Seabird colony, Prince Leopold Island
Seabird colony,
Prince Leopold Island


And yet there is only
One great thing,
The only thing,
To live to see in huts and on journeys
The great day that dawns
And the light that fills the world.

Song recorded by the Fifth
Thule Expedition, 1924


In this region, sedimentary strata overlie Precambrian bedrock, resulting in low-lying plains and smooth plateaux, especially in the southern portions: "[the coast] is simply a ribbon of granite rising just above the high tide contour, at low water hemmed by ... a rocky tidal flat with a sprinkling of granite isles and reefs.... It was a desolate shore.... There seemed to be no elevations even 50 feet within a dozen miles of the coast." These were the words of explorer George Putnam in 1928.

Tidal flats over 10 kilometres wide are festooned with "growlers" and ice floes, sculpted into mushroom-like shapes by tide-driven waters.

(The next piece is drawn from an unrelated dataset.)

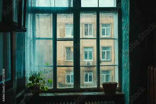 Condensation Drops Obscuring Window of Cozy Household Interior

The two largest lakes in the Arctic Islands, Nettilling and Anadjuak, lie in the middle of the lowlands of southwestern Baffin Island. Inland is a flat country of marshy plains interspersed with bare rock, ponds and lakes.

Hoodoos, Baffin Island
Hoodoos, Baffin Island

The northern portions of the region present a contrast to the horizontal coastline and sodden lowlands of the south. The land rises abruptly to a high plateau. Several spectacular fiords slash inland, with sheer cliffs rising over 1,000 metres. The climate is bitterly cold, with overcast conditions prevailing much of the time. Precipitation is limited, creating desert conditions.